The cartographic community, meanwhile, couldn’t care less. At a time when the British had dominance over much of the world, mapmakers had bigger problems to worry about, like should all Brit-occupied regions have the same color?

So, the cartographers continued dipping their masterpieces in varied hues while mathematicians painted maps on doughnuts and horseshoes and played with patterned soccer balls and the great rhombicuboctahedron in their pursuit of the solution. In his book Four Colors Suffice, mathematician Robin Wilson even describes how a bridegroom spent his honeymoon coloring maps!

For years, the problem baffled the greatest of mathematicians as they worked on the ‘proofs’ of the concept. In 1879, a proof by Alfred Kempe was published in the American Journal of Mathematics and everybody thought that was that. Until 1890, when another mathematician, Percy John Heawood, demolished it. Wilson writes about Kempe’s proof in his book, “It was incorrect, but it was a very good incorrect proof. Not only did it convince Victorian mathematicians for eleven years, but most of the ideas it contained were sound and would form the basis for later assaults on the problem, including the one that was ultimately to prove successful.”

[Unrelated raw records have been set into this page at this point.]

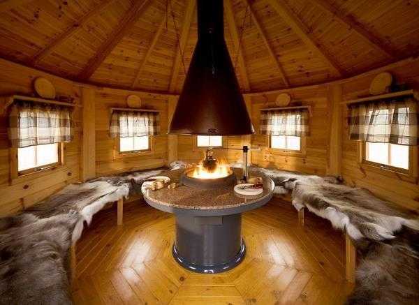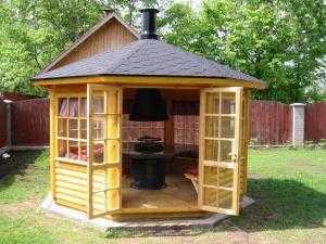 - финская беседка с мангалом чаще всего имеет форму шестигранника и оборудована выпуклой крышей.
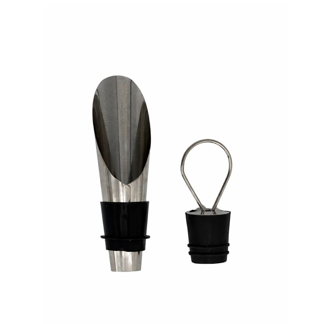 2in1 Auminium Wein Dekanter Aufsatz und Drop Stop Ausguss - Silber
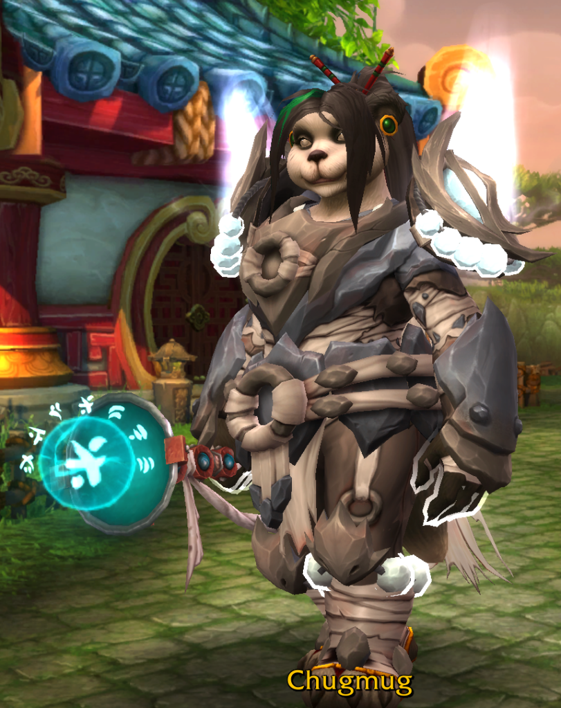 My original Monk, who is now my dedicated Mistweaver character due to how different the stat priorities are (Haste actively sucks on both Brewmaster and Windwalker, but it is number 1 on MW!), I leveled her since she was already 60 and already MW at the end of Shadowlands and it made sense to gear up to do some healing. She’s my bottom priority because I’ve played a good amount of Mistweaver this expansion via my main Monk, and because I’ll be getting all the Monk-specific looks via my main, but I want the option!
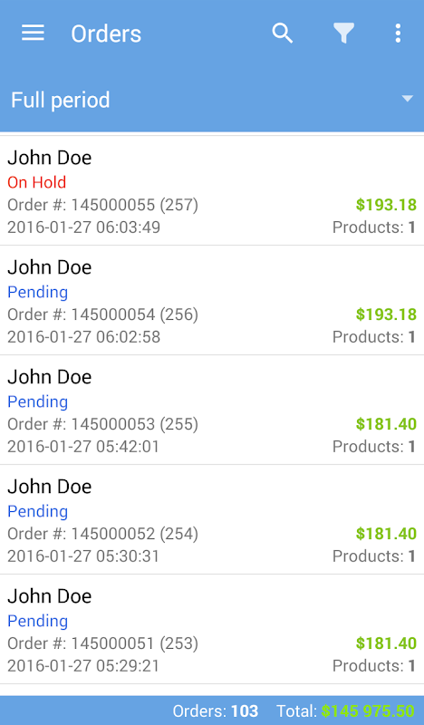 • Ability to filter orders by status, change it right from mobile phone or tablet
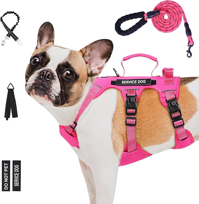 - 【 High-Quality Dog Harness and Leash Set】One-stop shopping for all the items needed for dog travel, including 1 * dog harnesses, 1*dog leash, 1 * dog car seat belt, 2 * "SERVICE DOG" Removable Patches, 2 * "DO NOT PET" Removable Patches and 1 * storage tape, which can save you time and money.
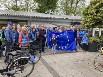 Die Begrüßung erfolgte durch Bürgermeister Volker Poß und Thomas Hitschler, Mitglied des Deutschen Bundestages und Parlamentarischer Staatssekretär im Verteidigungsministerium. Beide betonten in ihrer Ansprache, wie wichtig es sei, für ein geeintes Europa einzustehen und freuten sich über das große Engagement der Radfahrenden, die diesen Gedanken nach außen tragen.
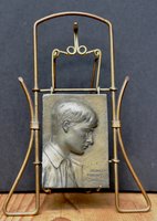 Rahmen: Jugendstil Aufstell-Bilderrahmen bzw. leichte Draht-Metallmontierung zum Aufbewahren / Abhängen von Großvaters Taschenuhr - hier eindekoriert mit dem Selbstbildnis eines jungen Mannes (Brillenträger) und der Jahresangabe 1908 in der Bronzeplatte. Verfügbarkeit: 1 x
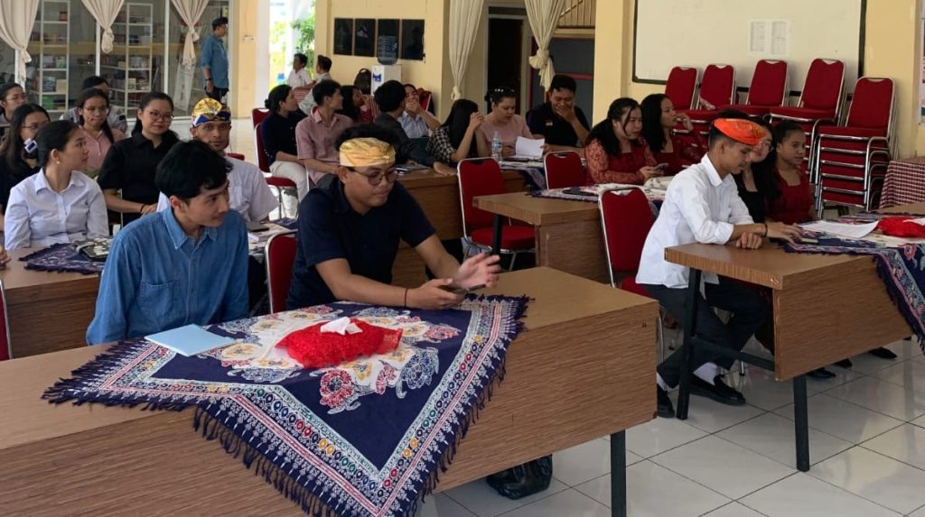 Salah satu bagian menarik dari sesi pembelajaran ini adalah pelurusan pandangan masyarakat tentang makna sesajen (banten). Narasumber menjelaskan bahwa sesajen bukanlah bentuk penyembahan terhadap benda atau alam, melainkan ungkapan syukur kepada Ida Sang Hyang Widhi Wasa (Tuhan Yang Maha Esa) atas berkat dan karunia-Nya yang termanifestasi dalam alam semesta. Penjelasan ini membantu mahasiswa melihat bahwa praktik spiritual Hindu berpusat pada pemujaan kepada Tuhan Yang Maha Esa, bukan pada pemujaan terhadap objek duniawi.
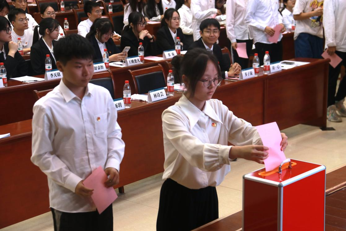 数统学院第二十三届学生会主席团4名候选人依次向大会作竞选演讲。候选人们回顾了过往的学生工作经历,阐述了个人的竞选优势,同时对院学生会的未来发展进行展望,充分展示了学生组织工作人员的工作能力与服务意识。在总监票人、监票人的监督下,参会代表以不记名方式逐一为候选人投票。经过计票人的统计,白芸、邓懿菲、郭天宇入选数统学院第二十三届学生会主席团。
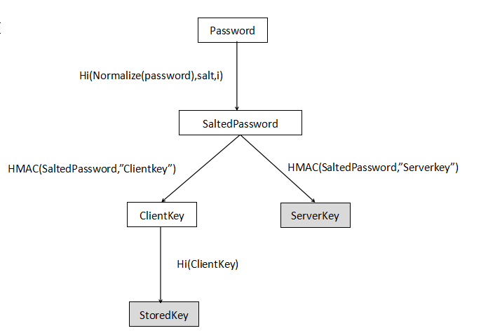 ClientSignature := HMAC(StoredKey, AuthMessage) H(ClientProof XOR ClientSignature ) == StoredKe |
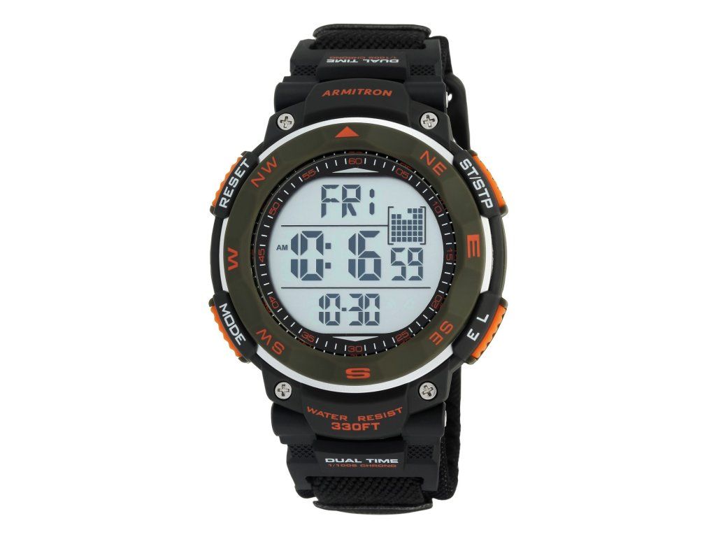 Športové pánske hodinky Armitron s multifunkčným displejom a červenými kontrastmi.
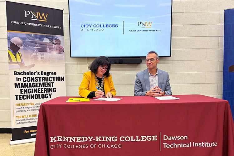 “We are excited to formally articulate this innovative collaboration between Kennedy-King College and Purdue University Northwest,” said Marie T. Mora, provost and vice chancellor for Academic Affairs at PNW. “Through the streamlined transfer of eligible credit hours and access to early academic support services as well as the potential to receive scholarship support, students should be able to graduate with less debt in a seamless manner and enter successful careers in construction management and related fields. We are also looking forward to future collaborations with City Colleges of Chicago to expand our partnership to other academic programs across CCC.”
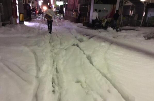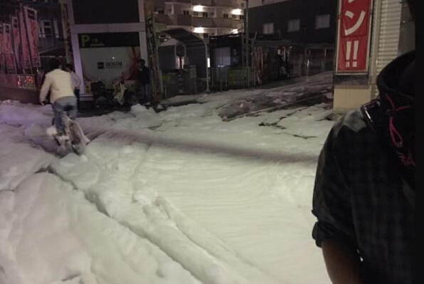 周五深夜到周六凌晨这段时间,有民众发现福冈市中心出现大量白色泡沫,纷纷拍照上传网络,有网友猜测:是谁家的浴盐漏出来了?还打趣说:可以洗泡泡澡了。
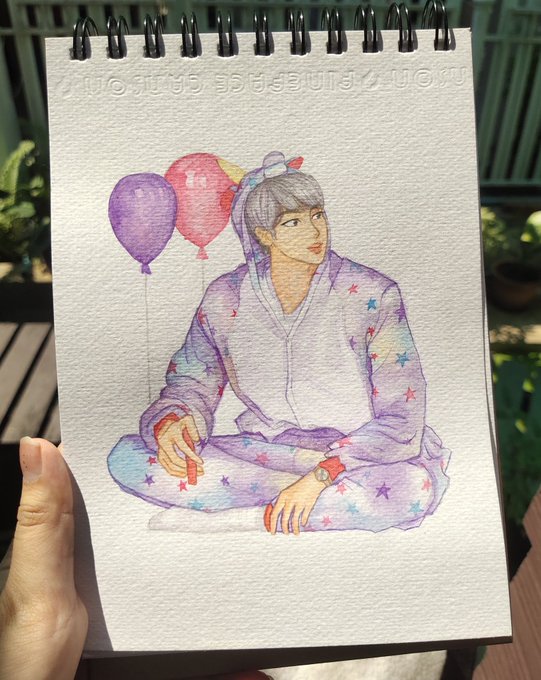 🃏Hi I'm good boy V~♥ (( ถ่ายแล้วสีเพี้ยนเสียดายมากเลยTT )) #btsfanart #V #TAEHYUNG #dailybtsfanart #Watercolor pic.twitter.com/KSeNUSaYfL

The one that ultimately proved successful came countless colored maps and 125 years later. In 1976, two mathematicians from the University of Illinois, Kenneth Appel and Wolfgang Haken, proved the theorem by basically by showing all possible kinds of graphs that could be contained in a map (more than 1,900) and then coloring them successfully with just four colors.

Naturally, it was too tedious a task to have been accomplished by just two humans. The four color map theorem went down in history as the first math problem to be solved with the help of a computer, using no less 1,200 hours in supercomputer time. Of course, now we use computers for math problems, but at that time the academic community wasn’t too thrilled to see this controversial method in use.

“Many mathematicians and philosophers claimed that the proof was not legitimate,” the University of Cambridge recounts. “Some said that proofs should only be ‘proved’ by people, not machines, while others, of a more practical mind questioned the reliability of both the algorithms and the ability of the machines to carry them out without error.”

Whatever the opinions expressed, the four color map theorem is not only important for being one of the most perplexing math problems of all times, but also because it has practical real-world applications. Take cell towers, for example. The principle that governs the theorem also stipulates that if you use four different sets of frequencies, no two adjacent towers will need to use the same frequencies.